Design and Implementation of kernel level threads for xv6 operating system. Adding system call related to threading environment in xv6 along with userland threading library with one to one mapping and semaphore implementation as synchronisation primitive

xv6 Kernel Threads

  • Kernel level support for threads (light weight processes) along with user land threading library as wrapper for creating threads and semaphore implementation as synchronization primitive.

xv6 memory management layout

  • xv6 uses 2 level hierarchical paging technique for memory management. Each process is associated with page directory containing entries of page tables which contain phyical address of pages allocated to process

  • xv6 allocates pages to the following part of the process in with below order

            +-----------------------+
            |      KERNEL CODE      |
            +-----------------------+ <----- KERNBASE 
            |                       |
            |          heap         |
            |                       |
            +-----------------------+ <----- size 
            |         stack         | 
            +-----------------------+
            |      guard page       |
            +-----------------------+
            |       text/code       |
            +-----------------------+ <----- 0 
    
  • Note xv6 assumes stack per process to be 1 PAGESIZE and guard page per proces is also 1 PAGESIZE. All the memory from size to KERNBASE is free for heap allocation. Above KERNBASE the kernel's code exits, per process table entries for the kernel code are made.

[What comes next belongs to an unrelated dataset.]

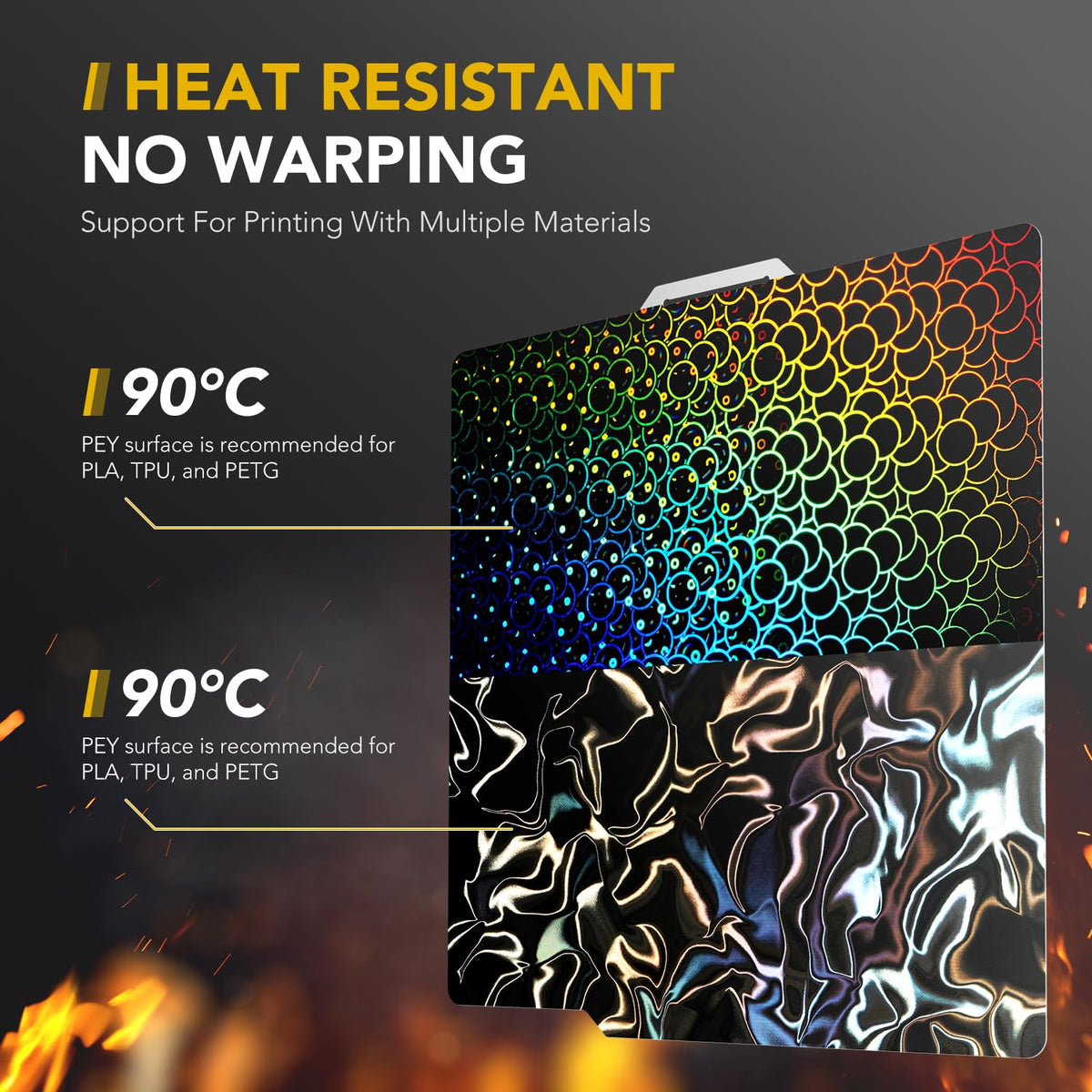 Q: What types of materials can I print on the Vokelater PEY build plate?A: The Vokelater PEY build plate is compatible with various materials, including PLA, TPU, and PETG. It can withstand temperatures up to 90°C, making it a versatile choice for different printing projects.

Changes in xv6 proc structure for threading

New member Significance
int tid; Thread ID
char *tstack; Thread execution stack virtual address
int tstackalloc; if non-zero, stack allocated by kernel
struct spinlock tlock; Thread spin lock for protecting above fields

Implementation of kernel threads

  • The concept of threads being light weight process arises by the fact of shared virtual address space. The threads execute concurently and share text/code, globals and heap region of virtual address space. Note each thread has seperate stack and registers context for execution.

  • The difference between processes and threads is kept by using concept of thread groups.

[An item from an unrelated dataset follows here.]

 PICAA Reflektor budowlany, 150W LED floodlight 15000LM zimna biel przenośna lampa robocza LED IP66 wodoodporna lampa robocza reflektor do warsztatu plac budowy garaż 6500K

  • Unlike multithreaded environment in single threaded environment there is no difference between the threads and processes.

    thread image

THREADS GROUPS

  • Thread group is identifed using thread group id and contains multiple threads executing concurrently all sharing the virtual address space.

  • Each thread group has thread group leader (main threads / process) which holds togerther other threads. All the threads share peer to peer relationship unlike processes having parent child relationship.

  • The thread group leader contains the size of the whole process and initially allocates all the memory required for the processes to execute. The peer threads created will share the memory regions created by group leader.

  • This siginificantly creates changes in meaning and interpretation of other system calls

System Call Single threaded enviornment Multi threaded enviornment
fork creates new child process creates new child thread group with child as thread group leader
exec replaces processes execution image replaces the all threads in group including thread leader's execution image
wait waits for execution child process waits for child thread group execution
kill kills the specific process kills the thread group with given thread group id
  • Thus we can say that process = thread group leader + peer threads

    thread image

SYSTEM CALLS

CLONE

  • The clone system call can be used to create new thread, on linux the clone system call is wrapper on kernel's copy_process function. The xv6 implementation of clone has the following API.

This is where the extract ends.